*** EXTRACTED DATA ***

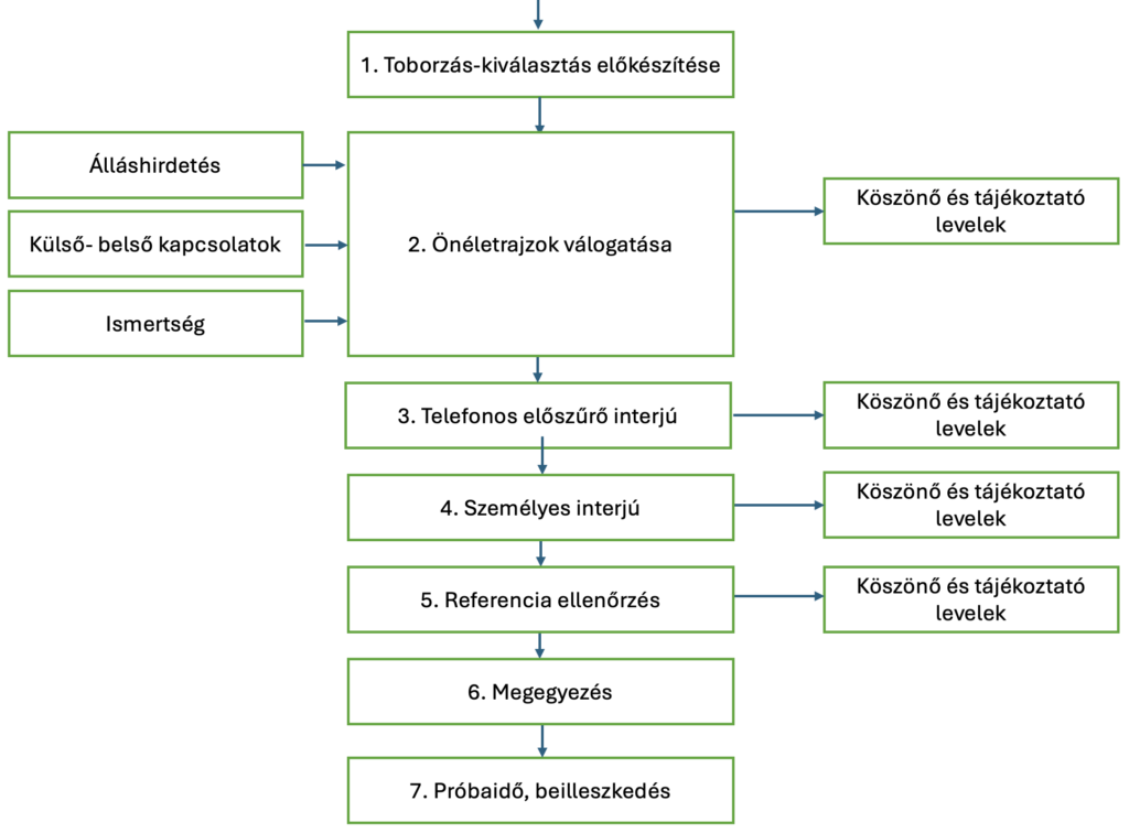 A sikeres munkatárs felvétel minimuma a fent látható folyamat, amely minden egyes lépése kritikus fontosságú.
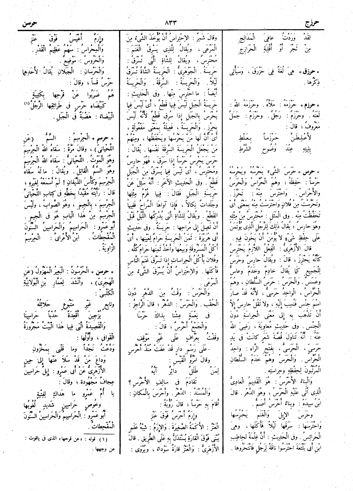 ( حرزق ) هي لغة في حَزْرقَ وسيأتي ذكرها ( حرزم ) حَرْزَمَهُ ملأَه وحَرْزَمَهُ الله لعنه وحَرْزَمٌ رجل وحَرْزَمٌ جمل معروف قال لأَعْلِطَنَّ حَرْزَماً بعَلْطِ بلِيتِهِ عند وُضوحِ الشَّرْطِ
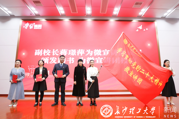蒋璟萍为永利集团88304官网学习贯彻党的二十大精神微宣讲团成员代表颁发聘书,并为微宣讲团授旗。
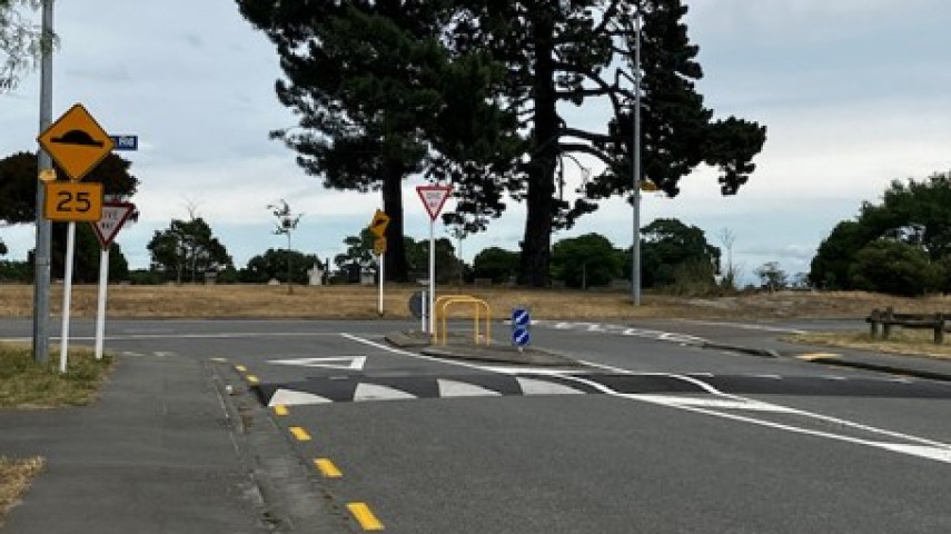 In some locations around Christchurch, we narrow intersections to make it safer for everyone to use. Sometimes, like in the photo below, this includes using pedestrian refuge islands and kerb buildouts.
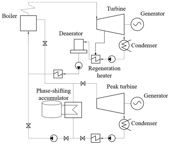 Feed water accumulation (Figure 11) is a promising option for thermal and nuclear power plants that work in water–steam cycles. During the charge period, a pump supplies an additional condensate flow from the cold condensate tank. The feed water is heated up to the given temperature by an additional heater operating on primary steam, and the steam flow into the high-pressure heater (HPH) is increased. Additionally, a drop in the boiler steam production reduces the block power. During the discharge period, the feed water is supplied from the accumulator tank into the feed water pipeline after regeneration. The excessive condensate after low-pressure regeneration enters the “cold” condensate tank. The power increase is provided by the HPH reduction or termination in the discharge regime. The accumulator tank pressure in the discharge mode is maintained by its connection with the primary steam pipeline, which prevents the water from boiling.
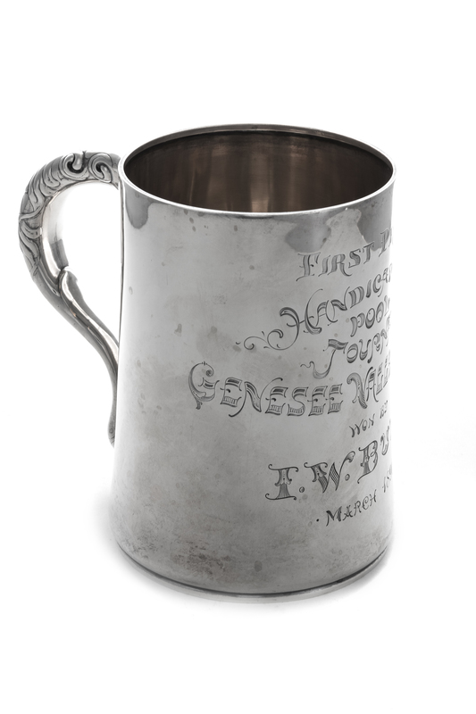 with the engraved inscription First Prize/ Handicap/ Pool/ Tournament/ Genesee Valley Club/ Won By/ E. W. Butts/ March 1890.
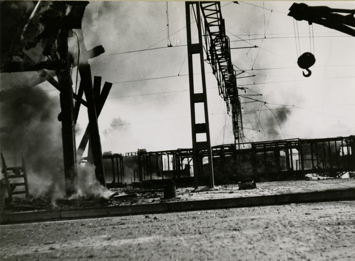 Brand efter explosionen i ett tyskt ammunitionståg på Avesta Krylbo station.
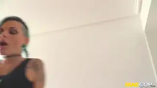 Полицейский трахает шлюшку в татуировках и кончает ей на лицо
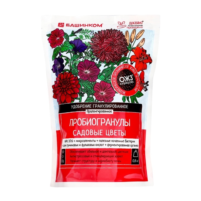 Пробиогранулы "Цветы садовые" (800 г) — это удобрение, предназначенное для поддержки роста и цветения садовых растений. Они содержат живые микроорганизмы, которые улучшают структуру почвы и способствуют лучшему усвоению питательных веществ.

*** End of EXTRACTED DATA ***

> WORK INSTRUCTION: Retype the line containing "Brand efter explosionen" and each line after it through the last line of the entries above, exactly, with no pictures and nothing else.

> REPLY:
 Brand efter explosionen i ett tyskt ammunitionståg på Avesta Krylbo station.
 Полицейский трахает шлюшку в татуировках и кончает ей на лицо
 Пробиогранулы "Цветы садовые" (800 г) — это удобрение, предназначенное для поддержки роста и цветения садовых растений. Они содержат живые микроорганизмы, которые улучшают структуру почвы и способствуют лучшему усвоению питательных веществ.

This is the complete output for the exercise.